È nella scuola che il bambino prende confidenza con la diversità del nuovo mondo in cui vive, ma è nella scuola che si registrano anche dinamiche perverse di gruppo che possono sfociare in episodi di razzismo o di violenza. L’essere o il sentirsi osservati, il dover emergere ed affrancarsi rispetto agli stereotipi e agli atteggiamenti di esclusione del diverso, rappresentano una sfida quotidiana, una palestra di integrazione, mediata dalla struttura e dall’istituzione scolastica, con le sue regole e strutture educative. Nei racconti dei ragazzi ed anche in quello di Paula sono ricorrenti i rimandi ai momenti di passaggio, in cui non è scontato riuscire a ricostruirsi una propria immagine, un proprio ruolo nella nuova classe in cui si viene inseriti. Paula racconta ad esempio che avere un cognome straniero a scuola può costituire un problema che si ripropone tutte le volte che si fa l’appello. “Quando ho cambiato scuola alle medie il primo giorno ero rimasta lì, senza sapere dove andare. Poi mi hanno accompagnato classe per classe a vedere se c’era il mio nome… e io mi vergognavo. Abbiamo trovato la mia classe e già tutti erano seduti… e io sono entrata facendo la scena che si vede (nei film) della ragazza nuova che arriva e tutti la guardano”. La storia di Paula è una storia piuttosto felice, la disinvoltura con cui racconta la sua vita nella città dà l’idea di un percorso positivo di integrazione che anche a scuola le ha permesso di vivere con serenità la sua identità e le sue origini. Non è così per tutti i ragazzi di origine straniera nati o cresciuti nelle scuole torinesi. La scuola può diventare il luogo in cui si accentuano le differenze, lo specchio di una società razzista e ingiusta, l’espressione del disagio che accompagna la crescita di molti ragazzi, specialmente in alcuni quartieri. È di poche settimane fa la notizia del suicidio di un ragazzino torinese di origine filippina: era il più bravo della classe, lodato e apprezzato dagli insegnanti, ma non è riuscito a sopportare le pressioni dei compagni di classe che lo avevano preso di mira a motivo della sua vera o presunta omosessualità, a motivo forse delle sue origini diverse.
Mario è arrivato a Torino che aveva già finito la scuola superiore e racconta che il primo anno è stato molto difficile per lui. La pesantezza
dello stare in casa e l’assenza di altri luoghi, di altri contesti in cui orientarsi, di altre porte di ingresso alla città. La ricerca di un lavoro, il girovagare per la città, in cerca di uno spazio in cui collocarsi quando spesso è la scuola a creare l’opportunità di una compagnia, di un gruppo di amici. “Ero andato via da un posto dove non sapevo cosa fare e mi sono ritrovato in un altro posto uguale”. La decisione di iscriversi ad un corso di italiano per stranieri, un corso serale, tre sere alla settimana presso una scuola del quartiere ha costituito per Mario una svolta. “Ha insistito mia madre, ha detto che se non avessi fatto il corso non mi avrebbe più tenuto in casa a fare nulla”. Tornare a scuola è stato per Mario una opportunità per ripensare a quello che voleva fare, ma anche un luogo in cui incontrare altri giovani stranieri, parlare e condividere i problemi, uscire da una situazione di sospensione.
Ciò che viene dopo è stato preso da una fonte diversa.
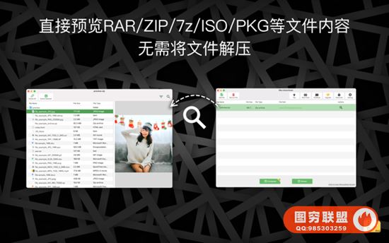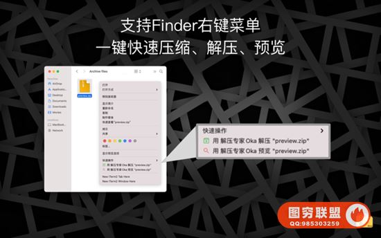 最新支持Finder扩展,直接在访达中右键点击文件,即可通过菜单进行压缩/解压缩或预览文件操作,大大简化了的操作步骤。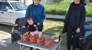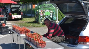 Az ilyenkor szokásos, enyhe közlekedési káosz és kisebb dugó övezi a halmi „forduló” előtti parkolót és környékét, ahol egymás mellett, sorban állnak az epres-asztalkák s a csábító pirosan csillogó gyümölcsök csalogatásának csak kevesen tudnak ellenállni. Az autókból kiszálló vásárlók végigjárva a „sort” mustrálják az Újmikolából, Túrterebestelepről, Túrterebesről és természetesen Halmiból érkezett árut, számolgatják az árát (25 lej egy kosárka) és szemlélik-szagolják a gyümölcsöt: melyik érettebb, szebb, illatosabb, nagyobb — a kosárkákban, mint ahogy az árusok autóinak csomagtartóit megtöltő ládákban is most még zömében Asia-fajta kelleti magát, ugyanis az Albahoz hasonlóan koraérő fajta, hatalmas szemei igencsak mutatósak és az íze is aromás-finom, s a kínált portékát (egy kivétellel) nem fóliasátorban, hanem már a szabad földről szüretelték.

“Adesso ho qualche amico con cui uscire. C’è anche un ragazzo peruviano che ha due anni più di me e lavora. Con lui mi vedo spesso, adesso sta cercando di comprare un furgone e fare una piccola impresa di trasporti e mi ha detto che se voglio lo posso aiutare”. Mario non ha ancora deciso cosa farà, se lavorare e studiare, se cogliere questa occasione o aspettare, ma comincia a intravedere anche per sè una collocazione dentro la realtà torinese.